If additional "+" data from class $y=1$ are added and the classes are still fully separable, $ω_0$ should be adjusted to account for the new data placement.

Depending on where the new "+" data are placed, $ω_0$ could either increase or decrease to maintain zero training error.

If the "+" data are placed farther away from the origin along the direction where $x_2$ is already providing good separation, $ω_0$ would not need to change significantly.

If they are placed closer to the decision boundary, $ω_0$ might need to increase to push the decision boundary further from the origin to maintain separation.

# Question 3 - Gaussian Kernel and Valid Kernel

(a) Show that Gaussian Kernel can be written as inner product of feature vectors with infinite dimenssions:

$$k(\mathbf{x}, \mathbf{x'}) = e^{-\frac{\|\mathbf{x} - \mathbf{x'}\|^2}{2\sigma^2}}$$

(b) Assume that $A \in \mathbb{R}^{p \times p}$ is a symmetric and positive semi-difinite matrix. Prove that below is a valid kernel function:

$$k(\mathbf{x}, \mathbf{y}) = \mathbf{x}^\mathrm{T}A\mathbf{y}$$



## Answer

### Part a

The Gaussian Kernel by definition is defined as:

$$k(\mathbf{x}, \mathbf{x'}) = e^{-\frac{\|\mathbf{x} - \mathbf{x'}\|^2}{2\sigma^2}}$$


This kernel function can indeed be represented as an infinite-dimensional inner product, using Mercer's theorem.

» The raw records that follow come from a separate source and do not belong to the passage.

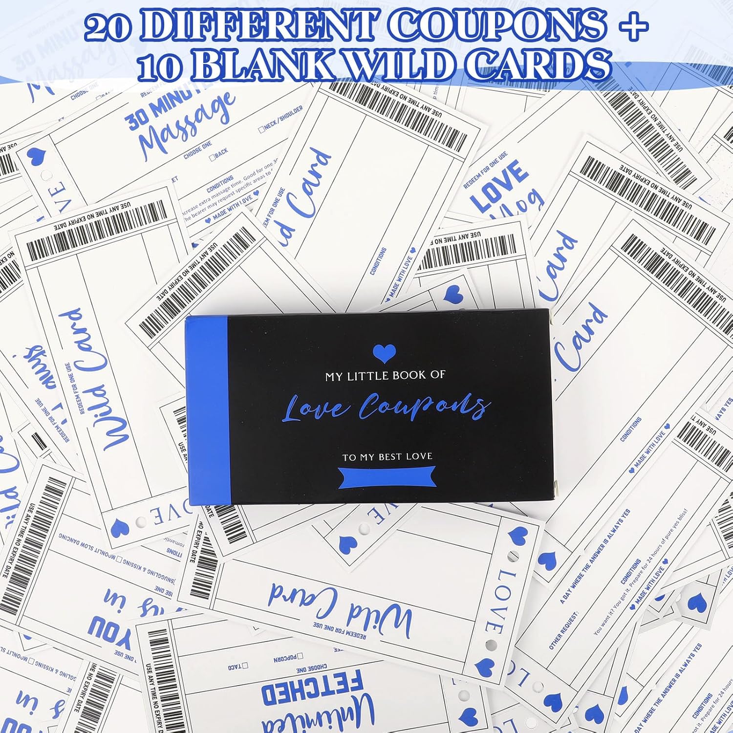 Love Coupon Book for Him – Romantic Love Gifts for Husband Boyfriend, 20 Fun Love Coupons +10 Blank Wild Cards- Couples Gifts for Anniversaries, Birthdays, Valentine’s Day & More!
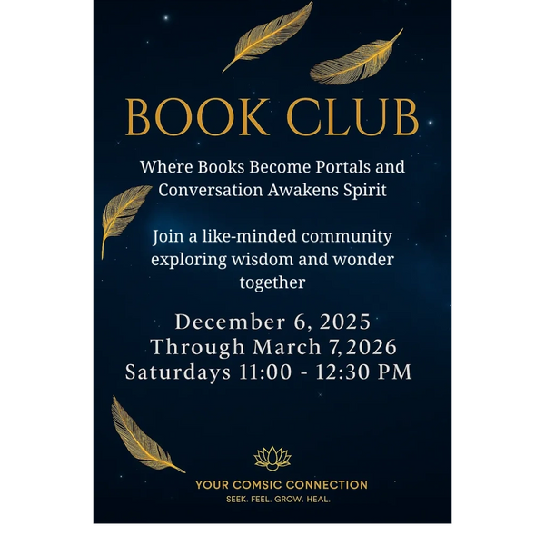 Your Cosmic Connection will be starting a Book Club, every Saturday from 11am to 12:30pm starting on December 6, 2025 through March 7, 2026.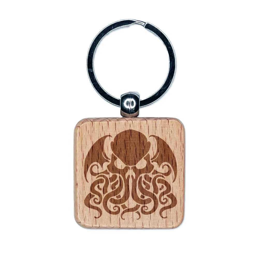 Cthulhu Eldritch Horror Engraved Wood Square Keychain Tag Charm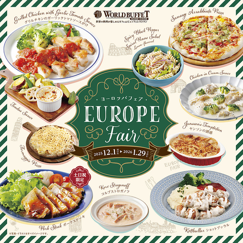 期間限定『ヨーロッパフェア』開催中!カリーヴルストやコルブストロガノフなど、なかなか味わえない本格料理が多数登場!他にも和食、洋食、スイーツございます♪出来立ての絶品料理をぜひご堪能ください。詳細は料理ページにて!【期間限定:2025年12月1日~2026年1月29日】

The idea is based on the fact that the Gaussian kernel is a positive semi-definite function and can be expanded into a Taylor series.

The expansion of the exponential function in the Gaussian kernel corresponds to an inner product in an infinite-dimensional space.

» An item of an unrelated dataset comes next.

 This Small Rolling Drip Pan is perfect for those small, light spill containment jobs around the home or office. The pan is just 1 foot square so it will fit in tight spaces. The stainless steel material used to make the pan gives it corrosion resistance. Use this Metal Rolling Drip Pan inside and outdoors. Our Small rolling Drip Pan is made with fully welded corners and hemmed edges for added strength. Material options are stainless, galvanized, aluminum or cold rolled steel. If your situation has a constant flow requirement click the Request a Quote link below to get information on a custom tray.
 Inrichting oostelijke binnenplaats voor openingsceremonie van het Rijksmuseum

The Taylor expansion of the exponential function is as:

$$e^z = \sum_{n=0}^{\infty} \frac{z^n}{n!}$$

So the exponential in the Gaussian kernel can be expanded as:

$$e^{-\frac{\|\mathbf{x} - \mathbf{x'}\|^2}{2\sigma^2}} = e^{-\frac{\mathbf{x}^2}{2\sigma^2}} \cdot e^{-\frac{\mathbf{x'}^2}{2\sigma^2}} \cdot e^{\frac{\mathbf{x} \cdot \mathbf{x'}}{\sigma^2}}$$

Now we can expand $e^{\frac{\mathbf{x} \cdot \mathbf{x'}}{\sigma^2}}$ using the Taylor series expansion and consider the inner product $\mathbf{x} \cdot \mathbf{x'}$ which we can write as a sum over the individual dimensions:

$$e^{\frac{\mathbf{x} \cdot \mathbf{x'}}{\sigma^2}} = \sum_{n=0}^{\infty} \frac{(\mathbf{x} \cdot \mathbf{x'} / \sigma^2)^n}{n!}$$

Each term of this series can be thought of as an inner product of some feature mapping $ϕ(x)$ in a higher (possibly infinite) dimensional space.


### Part b

In order to prove that a function $k(x,y)=x^TAy$ is a valid kernel function, we need to show that it satisfies Mercer's condition, which states that the kernel must be **symmetric** and **positive semi-definite**.

**For Symmetry:**

Since A is symmetric and positive semi-definite,  $A^T=A$ due to its symmetry, so we have:

$$k(\mathbf{x}, \mathbf{y}) = \mathbf{x}^\mathrm{T}A\mathbf{y} = \mathbf{y}^\mathrm{T}A\mathbf{x} = k(\mathbf{y}, \mathbf{x})$$

Which states that the kernel is symmetric.

**For Positive Semi-Definiteness:**

For any set of points $\{x_i\}_{i=1}^n$ and any set of coefficients $\{c_i\}_{i=1}^n$, we must have:

$$\sum_{i,j} c_i c_j k(\mathbf{x}_i, \mathbf{x}_j) = \sum_{i,j} c_i c_j \mathbf{x}_i^\mathrm{T}A\mathbf{x}_j \geq 0$$

We can express this as a matrix operation:

$$\mathbf{c}^\mathrm{T}K\mathbf{c} = \mathbf{c}^\mathrm{T}X^\mathrm{T}AX\mathbf{c}$$

where $X$ is the matrix whose columns are the vectors $x_i$, $K$ is the kernel matrix with entries $K_{ij}=K(x_i, x_j)$ and $\mathbf{c}$ is the vector of coefficients $c_i$.

Since $A$ is positive semi-definite, the product $X^TAX$ is also positive semi-definite, which means $\mathbf{c}^TK\mathbf{c} \geq 0$ for any $\mathbf{c}$, and thus, $K$ is positive semi-definite.

Hence $k(\mathbf{x},\mathbf{y})=\mathbf{x}^TA\mathbf{y}$ is a valid kernel function.